There is a certain lifestyle able to affect your memory and I would like to touch the matter a little. We saw what a lack of sleep can do to the memory but there are other unexpected conditions to watch as well including medication, diet, etc. By example a non-functioning thyroid will render a patient hot or cold, anxious at time and depressed, lagging on the memories, but the thyroid hormone has no interaction on the brain and the memory. The same goes with the menopause and the hot flashes when a woman can become unable to remember names or stories, but there again. These hormones have nothing to do with the brain.
Anxiety, depression, stress and even bipolar disorders can disrupt the neural pathway taken by the memories. The severity of the memory loss depends on the severity of the mood disorder. Smoking can damage the brain by impairing it brain supply. Even a cold or any infection can mess up your ability to think. Vegetarian diets are lacking vitamin B12 responsible in keeping the nerve cells healthy and functional. B12 is also enter in the fabrication of the DNA.
Some literature reports the well-being of green tea on the fact that substances like L-theanine has the ability in increasing the neogenesis in the hippocampus improving short term memory and learning. Exercises have also a primordial role because the more you sweat, the more your memory improves it function.

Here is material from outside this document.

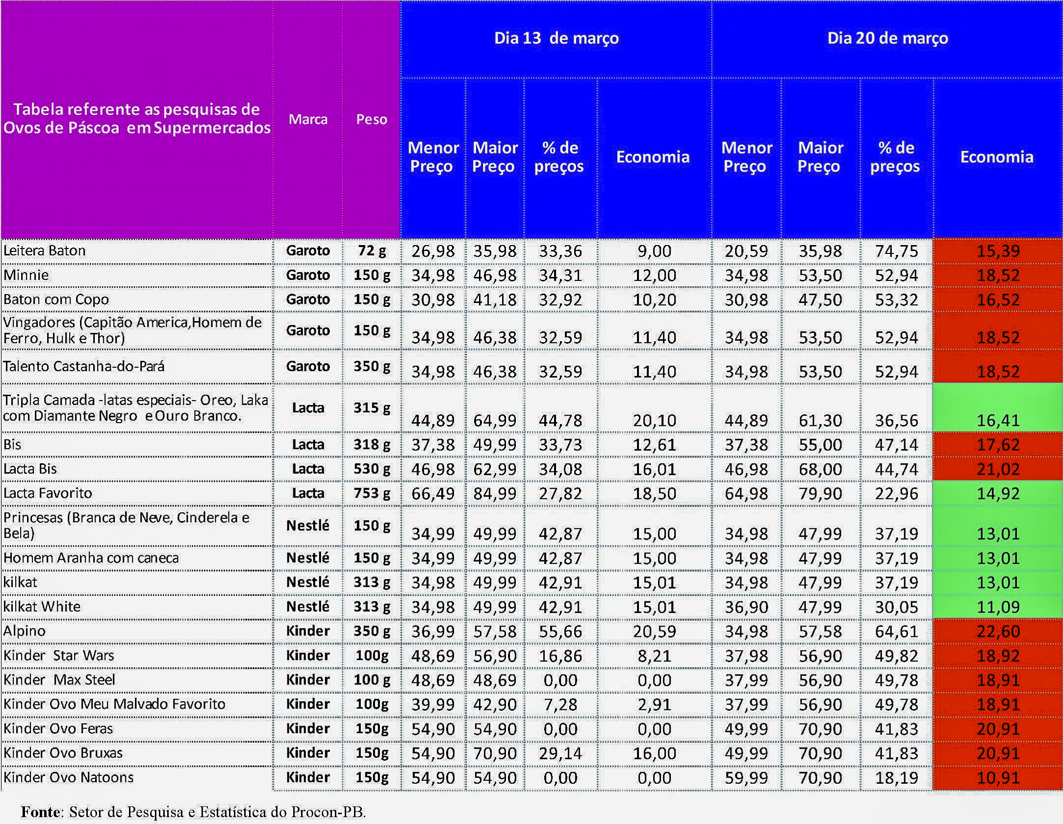 Ovos de Páscoa têm diferenças de até R$ 22,60 entre os supermercados de João Pessoa, afirma pesquisa do Procon Estadual da Paraíba.

To conclude, I would urge anybody who enjoyed this article, to find time for reading with a special attention, the classic book of Kandle: “In search of Memory”. I just would like to echo some of his words: “Has it ever struck you…that Life is all Memory, except for the one present moment that goes by you, so quickly that you hardly catch it going…?” Recently, on Mother’s Day, I felt the” power of Memory” while the circumstances bought to light the souvenirs of nice moments passed in company of my beloved mother, Claire Laurent Coles.
May this paper help anybody appreciate this God given gift. we all have available in us.